*Exercise requirements:*
Transcribe exactly, and only, the lines running from the one that contains "Lot 628: Flame" through the last line of the material. No pictures.

*Input material:*
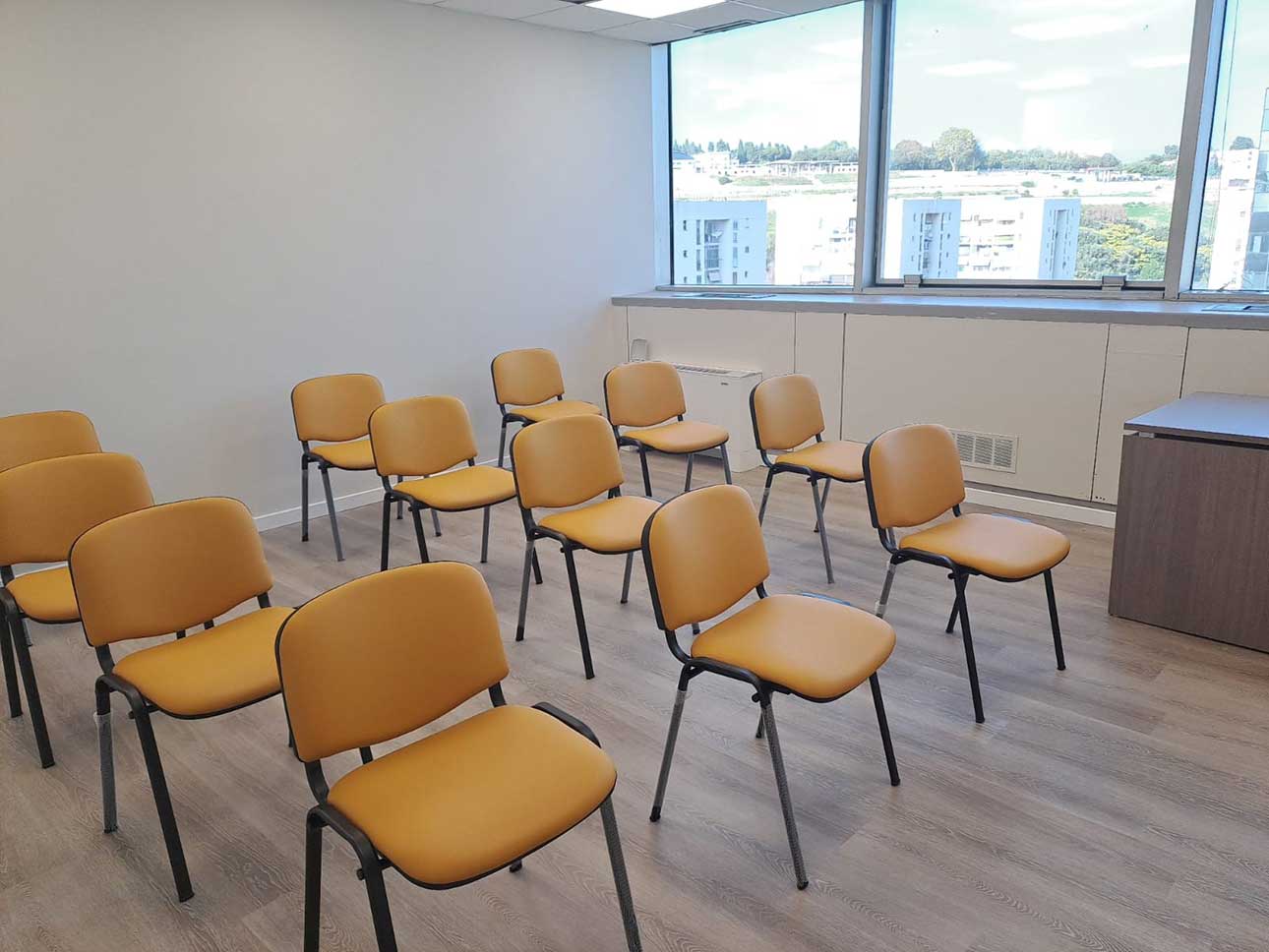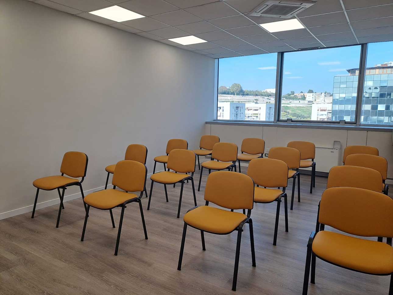 • 2 aule didattiche di 26 mq e 32 mq attrezzate con sedie (o sedie a ribaltina), scrivania docente, monitor lcd o videoproiettore, connessione Wi-Fi
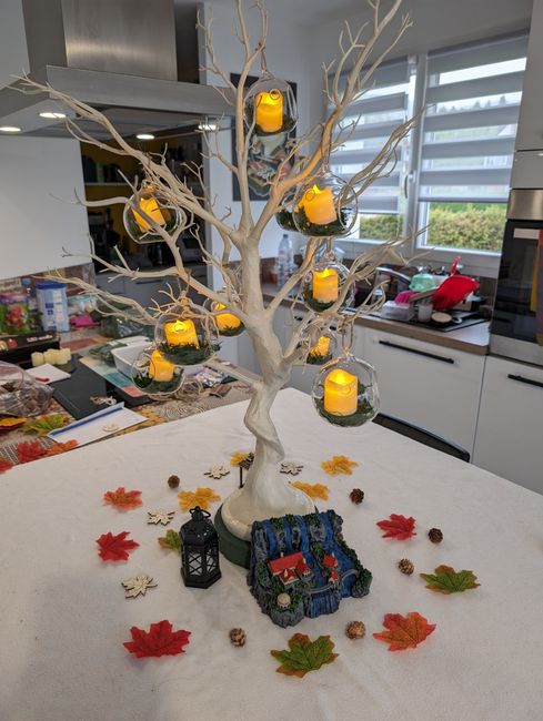 Aujourd'hui on test la décoration des tables. Mariage le 18 mai sur le thème : seigneur des anneaux. Chaque table est un lieu différents. Contente du résultat mais il manque quelque-chose.... Des avis ? (Les bougies seront bien sûr allumées comme sur...
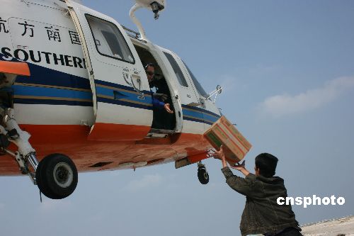 圖為救助飛機(jī)在西沙向被困漁民空投食物。中新社發(fā) 張鑫華 攝
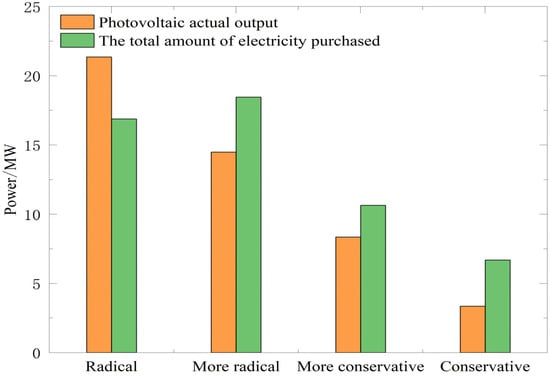 Figure 5 and Figure 6 show that investors are willing to take higher risks for higher returns when the risk factor is low. In this scenario, with better returns and higher operational risks, VRB and Li-con become the main batteries in the configuration scheme. Due to the performance risk and volatility of PV output, it is important to carefully consider battery selection. Under this scheme, the source charge often experiences an imbalance, requiring the purchase of additional power from the market to maintain a balance between supply and demand. As a result, the daily PV output and the amount of power purchased from the market are both high. On the other hand, as the risk factor increases and the investment strategy becomes more conservative, VRLA and NAS batteries become the main power sources due to their maturity. The reliable charging and discharging of the batteries, along with lower PV output and market-traded power, improve the source–load balance under this scenario, resulting in lower operational risk.
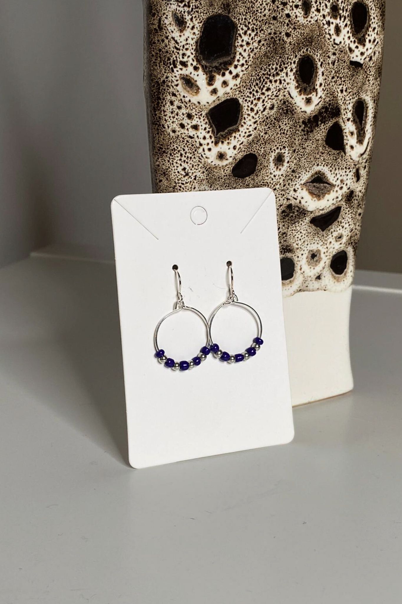 These earrings are handmade by me. They have a silver hoop with dark blue beads around the hoop, giving a deep and elegant color. The design is simple, modern, and stylish. You can wear them every day or for special occasions.
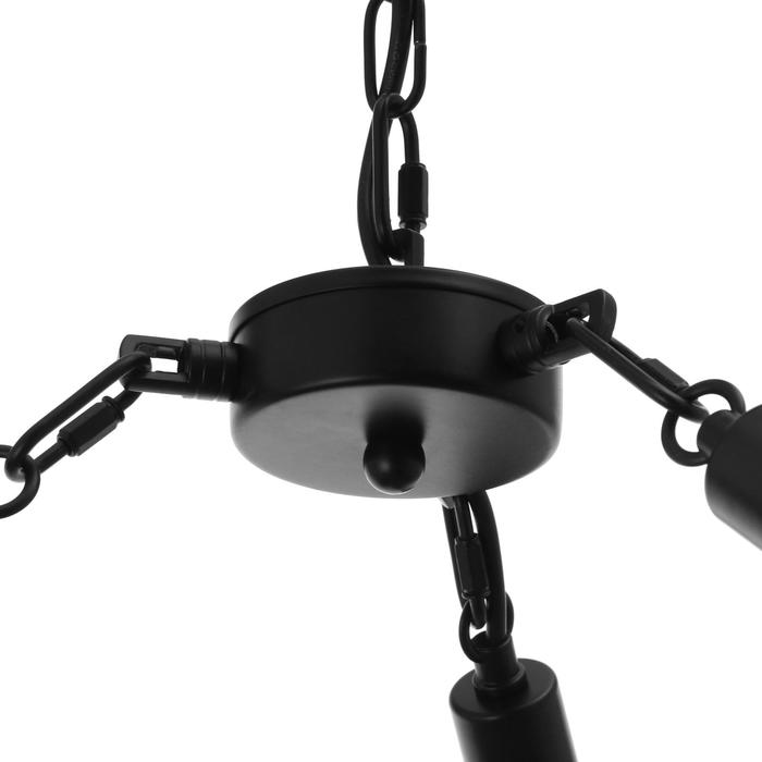 - Чистый лофт без лишнего: Чёрное основание из металла и текстиля, массивная цепь и строгие конусные плафоны тёмных тонов подчёркивают индустриальную эстетику. Внутренняя поверхность отражает свет вниз, создавая чёткие зоны освещения без рассеивания по потолку.
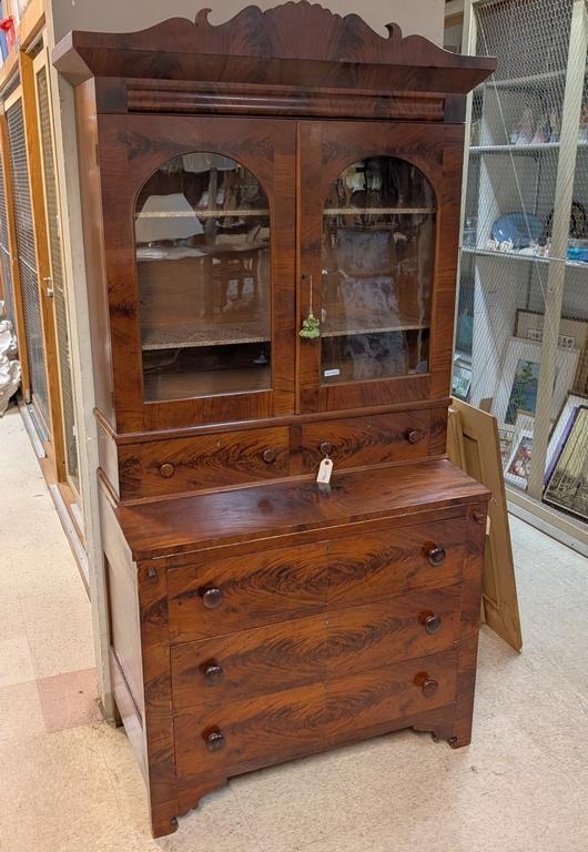 Lot 628: Flame Mahogany 5-Drawer Drop Front Secretaire.
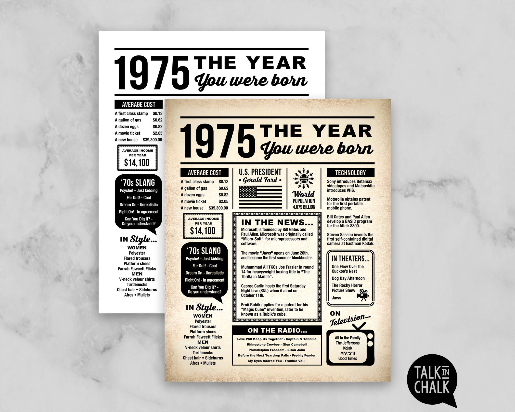 1975 The Year You Were Born Printable Newspaper Poster for 50th Birthday - Last Minute Gift
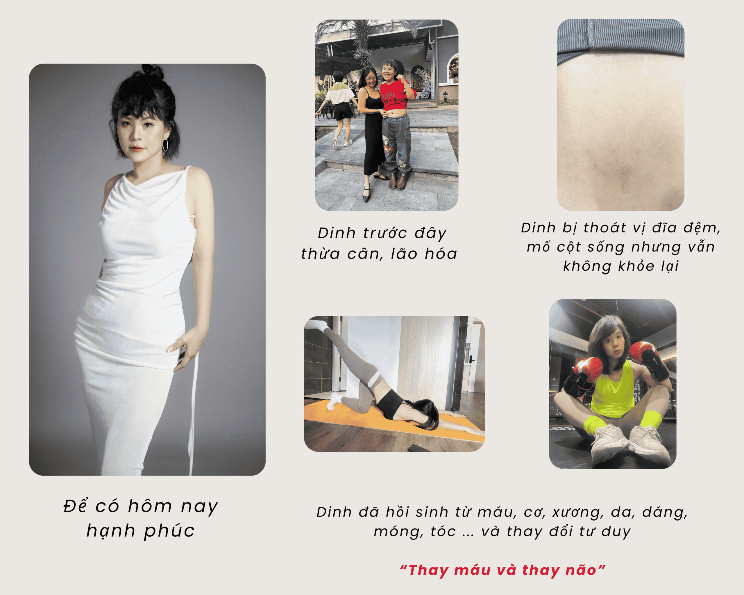 Từ trải nghiệm lột xác ấy, Dinh nhận ra: thuốc hay dao kéo chỉ xử lý ngọn. Muốn thật sự khỏe, phải bắt đầu từ máu – tế bào – hormone – lối sống – tinh thần.

*Task response:*
 Lot 628: Flame Mahogany 5-Drawer Drop Front Secretaire.
 1975 The Year You Were Born Printable Newspaper Poster for 50th Birthday - Last Minute Gift
 Từ trải nghiệm lột xác ấy, Dinh nhận ra: thuốc hay dao kéo chỉ xử lý ngọn. Muốn thật sự khỏe, phải bắt đầu từ máu – tế bào – hormone – lối sống – tinh thần.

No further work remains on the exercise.